Even CNN’s Anderson Cooper seemed to understand the inflammatory nature of Lewis’ illegitimate insult toward Trump: “I get he doesn’t like Donald Trump,” he said. “I get he doesn’t accept the results of the election, but is this helpful in any way? … If a Republican had said this about President-elect Hillary Clinton, Democrats would be up in arms.”

Lewis has always been a firebrand, even during his civil-rights days as chairman of the Student Nonviolent Coordinating Committee. He was the youngest speaker at the March on Washington in which Martin Luther King gave his famous “I Have a Dream” speech. Lewis’ prepared remarks had to be toned down for the event. Still, his speech called for “radical social, political and economic changes.”

“We all recognize the fact that if any radical social, political and economic changes are to take place in our society, the people, the masses, must bring them about.”

While Lewis is proud of his very liberal voting record in the House, he has also been friendly to socialist and communist causes throughout his career. A founding member of the Congressional Progressive Caucus, formed with the help of the Democratic Socialists of America, from 1962-64, Lewis was a sponsor and vice chairman of a Communist Party USA front group known as the National Committee to Abolish the House Un-American Activities Committee.
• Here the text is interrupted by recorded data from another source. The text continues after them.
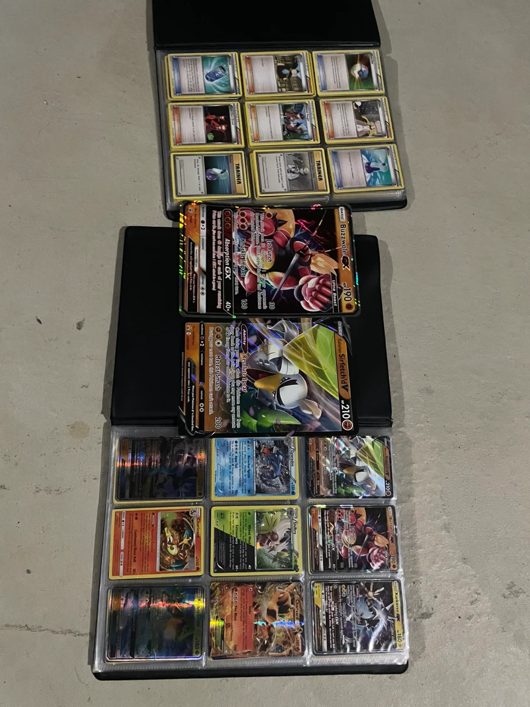 Selling 2 Pokemon trading card binder filled with various cards. Perfect for collectors or those just starting out! The binder is in good condition and contains a variety of Pokemon cards
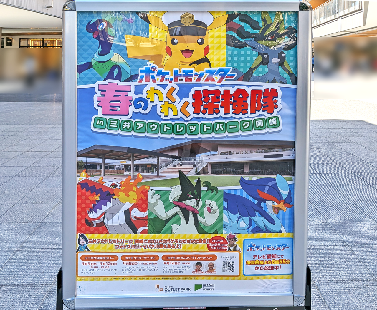 三井アウトレットパーク 岡崎にて開催中の「「ポケットモンスター」春のわくわく探検隊」。いよいよ最終日となる、本日2026年4月12日(日)には、大人気のテレビ番組「ポケモンとどこいく!?」の特別ステージイベントが開催されます。
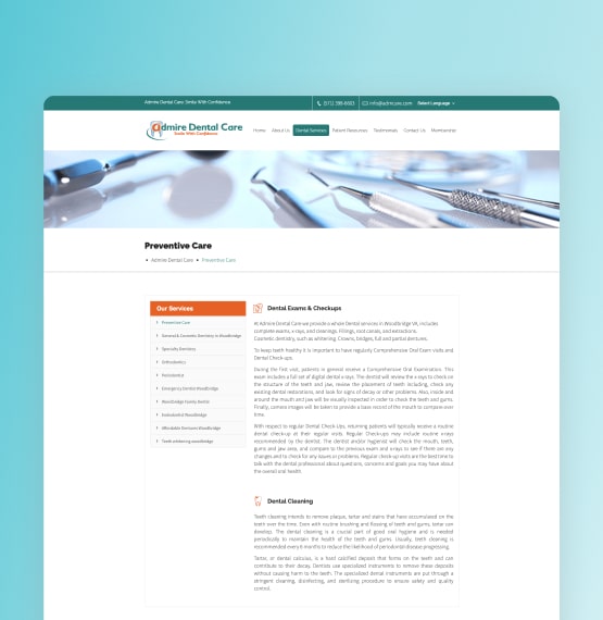 Admire Dental Care is a client that had their WordPress website developed by our team five years ago. They approached us with the objective of improving their website's overall performance and user experience. The primary goals were to increase website traffic through enhanced SEO strategies, improve mobile responsiveness, update content and images, integrate Google Maps and reviews, and introduce new functionalities like chat.

At a 1965 banquet in Terre Haute, Indiana, Lewis was the first honoree of the annual Eugene Debs Award, named for the Socialist Party of America founder. That same year, Lewis wrote an article titled “Paul Robeson: Inspirer of Youth,” for the CPUSA propaganda magazine Freedomways. The piece lauded Robeson, who had been a CPUSA member and a devoted admirer of Soviet dictator Joseph Stalin, and stated that “we of SNCC are Paul Robeson’s spiritual children.”

In 1967 Lewis paid tribute to Norman Thomas, a six-time presidential candidate for the Socialist Party of America, as a man who “has symbolized to millions of Americans the ideals of peace, freedom and equality.”

In 1969, Lewis was listed as a sponsor of the GI Civil Liberties Defense Committee, an anti-U.S.-military organization dominated by the Socialist Workers Party.

In May 1973 Lewis was listed as a “sponsor” of “A Call” for a founding conference of the National Alliance Against Racist and Political Repression, a CPUSA front.

When the Marxist Sandinista government of Nicaragua announced in October 1989 that it would no longer comply with a ceasefire agreement it had previously reached with the U.S.-backed Contra rebels, the House of Representatives voted 379-29 in favor of a resolution deploring the Sandinistas’ action; Lewis was one of the 29 Democrats who opposed the resolution.

In 1996, the Democratic Socialists of America Political Action Committee endorsed Lewis’s congressional campaign.

In August 2003 Lewis contributed an article to the CPUSA paper People’s Weekly World, titled “An Open letter to my Colleagues in Congress: Remembering the Legacy of Martin Luther King.”